Question

Pascal’s triangle looks as follows:

1

1 1

1 2 1

1 3 3 1

1 4 6 4 1

...

The first entry in a row is 1 and the last entry is 1 (except for the first row which contains only 1), and every other entry in Pascal’s triangle is equal to the sum of the following two entries: the entry that is in the previous row and the same column, and the entry that is in the previous row and previous column.
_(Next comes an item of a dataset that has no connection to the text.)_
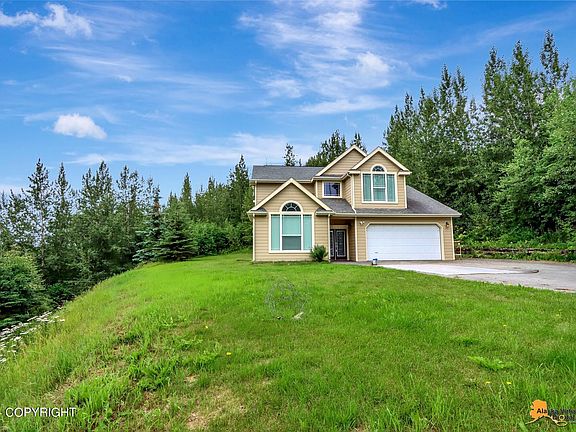 Very nice 4 bed, 2.5 bath, 2 car garage, 2048 sf 2 story home on a private south facing lot with astounding mountain views and lots of sunlight. 9' ceilings, separate office, in-floor heat, central vac, crown molding, asphalt driveway, shed/sauna, and lots of additional upgrades. Excellent commute location & close to downtown Wasilla.

Use dynamic programming to design an O(n²) time algorithm that computes the first n rows in Pascal’s triangle.

Answer 1

import java.util.ArrayList;

import java.util.List;

public class Main {

public static List<List<Integer>> pascalTriangle(int n) {

List<List<Integer>> triangle = new ArrayList<List<Integer>>();

if (n == 0) {

return triangle;

}

triangle.add(new ArrayList<>());

triangle.get(0).add(1);

for (int rowNum = 1; rowNum < n; rowNum++) {

List<Integer> row = new ArrayList<>();

List<Integer> prevRow = triangle.get(rowNum-1);

row.add(1);

for (int j = 1; j < rowNum; j++) {

row.add(prevRow.get(j-1) + prevRow.get(j));

}

row.add(1);

triangle.add(row);

}

return triangle;

}

public static void main(String[] args) {

int n = 10;

List<List<Integer>> triangle = pascalTriangle(n);

for (List<Integer> row : triangle) {

for (int el : row) {

System.out.print(el + " ");

}

System.out.println();

}

}

}